“Halo, kenalin, gue Indri. Gue salah satu penggemar film lo,” ujar Indri ramah kepada Alvin saat jam istirahat.
Sebenarnya Indri sudah menahan diri sekeras mungkin agar tidak histeris.
Benar sekali. Pemeran utama di film yang Amethyst lihat sebentar tadi adalah Alvin Yudhistira. Orang yang membuat Amethyst kesal. Dan yang membuatnya lebih kesal lagi, ternyata Indri termasuk salah satu fans manusia menyebalkan itu.

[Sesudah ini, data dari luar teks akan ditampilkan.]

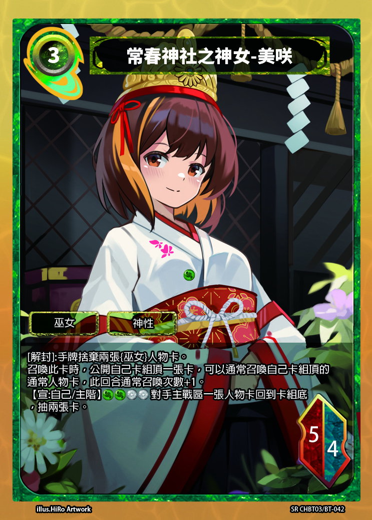 此卡攻擊時,自己可以將主戰區一張{巫女}人物卡回到手牌,對手主戰區一張通常人物卡回到卡組底。

“Hai. Gue Alvin. Senang ketemu sama lo,” ujar Alvin tak kalah ramahnya.“Kalau boleh tau, kita sekelas di pelajaran apa aja, ya?”
“Oh sebentar. Lo sama gue akan satu kelas di pelajaran Matematika, Bahasa Inggris, Fisika, Bahasa Prancis, dan Olahraga. Yah, itu semua,” jawab Indri.
“Terima kasih banyak. Gue harap lo mau membantu gue. Sekali lagi, terimakasih,” jawab Alvin.
“Pasti. Pasti gue akan membantu. Kalau perlu bantuan panggil gue aja, jangan sungkan-sungkan,” kata Indri. Setelah itu Alvin mengucapkan permisi dengan sopan.Amethyst yang melihat kejadian tersebut tak jauh dari situ, hanya menggerutu dalam hati dan mendengus.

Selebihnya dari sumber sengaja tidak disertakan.